Abstract

Between 1985 and 1991, 36 patients with glomus tumors of the temporal bone were operated. More than 60% of the patients presented with an advanced disease (Class C and D) according to the initially discret and slowly progressive clinical signs. Pulsatile tinnitus, hearing loss and paresis of the lower cranial nerves IV to XII were most often found. The management of the patients requires a complete surgical resection with different approaches depending on the extension of the tumor. High resolution CT of the temporal bone and selective angiography of the tumor feeding vessels proved as reliable and necessary imaging tools to determine the size of the tumor and thereby the surgical procedure.

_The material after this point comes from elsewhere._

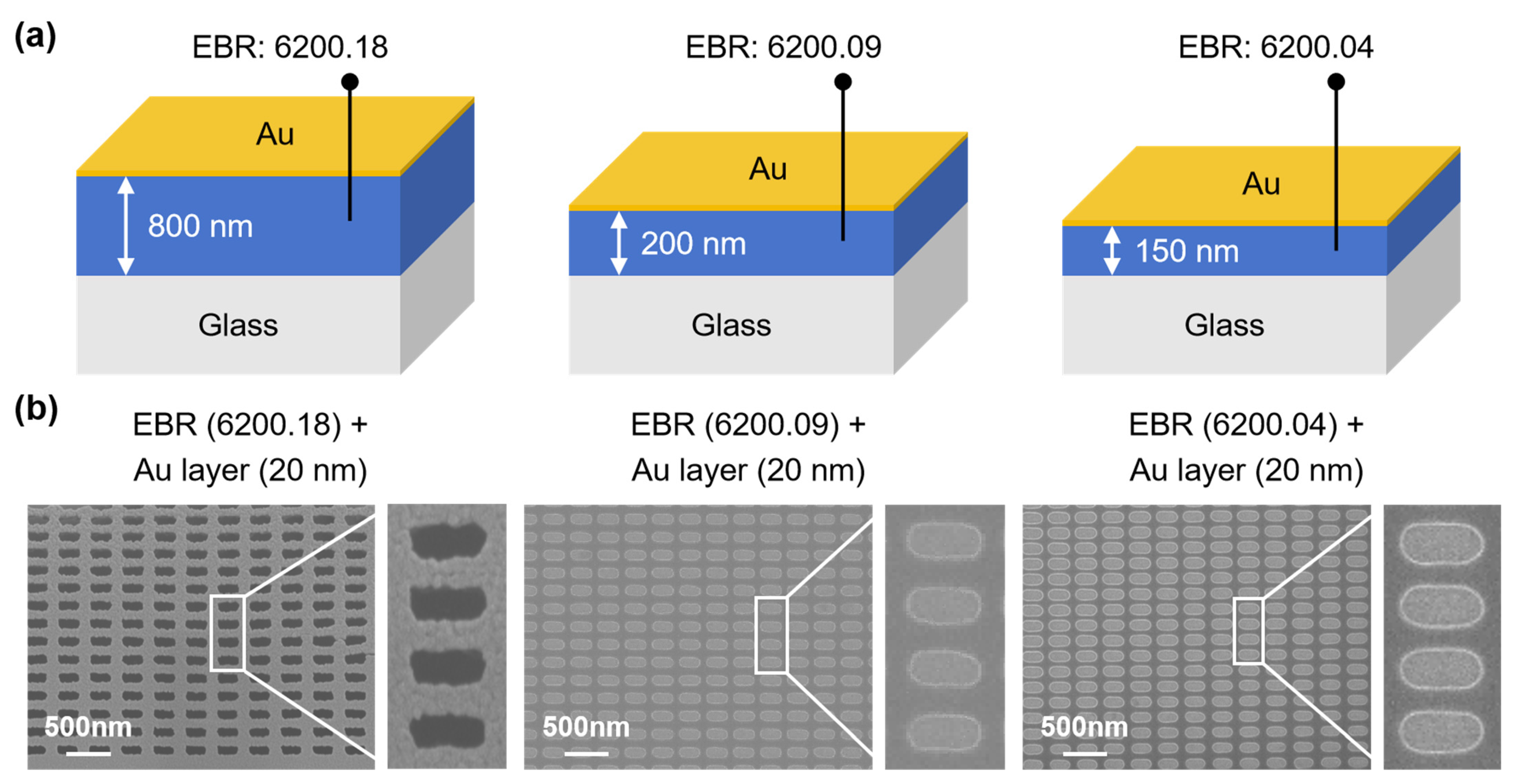 Figure 5b presents SEM images of the resulting nanostructures, fabricated by sequentially depositing the Au layer, performing EBL exposure, removing the metal via wet etching, and developing under optimized conditions. Structures fabricated with the 800 nm resist and the Au layer formed essentially complete rectangles with only minor edge irregularities. Both the 200 nm and 150 nm resists produced structures with sharp edges, high structural completeness, and minimal deformation, representing a significant advancement in patterning quality on glass substrates.

Class A tumors (n = 4) were completely resected by an enaural transmeatal approach. Class B tumors (n = 10) were removed completely in all cases by a combined transmeatal-transmastoid approach. A conductive hearing loss in 2 cases and transient facial paresis in one case were observed. Class C tumors (Glomus jugulare tumors, n = 16) required an infratemporal fossa approach type A. A complete resection was achieved in 87.5%. Class D tumors (n = 6) with intracranial extension were managed in a two stage otoneurosurgical procedure. Due to the tumor size and the required surgical procedure a higher incidence of functional lesions (combined hearing loss, vertigo, cranial nerve pareses) was observed. A facial paresis occurred in all cases but was transient in most of them. The results show that functional conservation surgery for glomus tumors of the temporal bone is only possible in Class A and B and some of the Class C tumors. This requires an early diagnosis.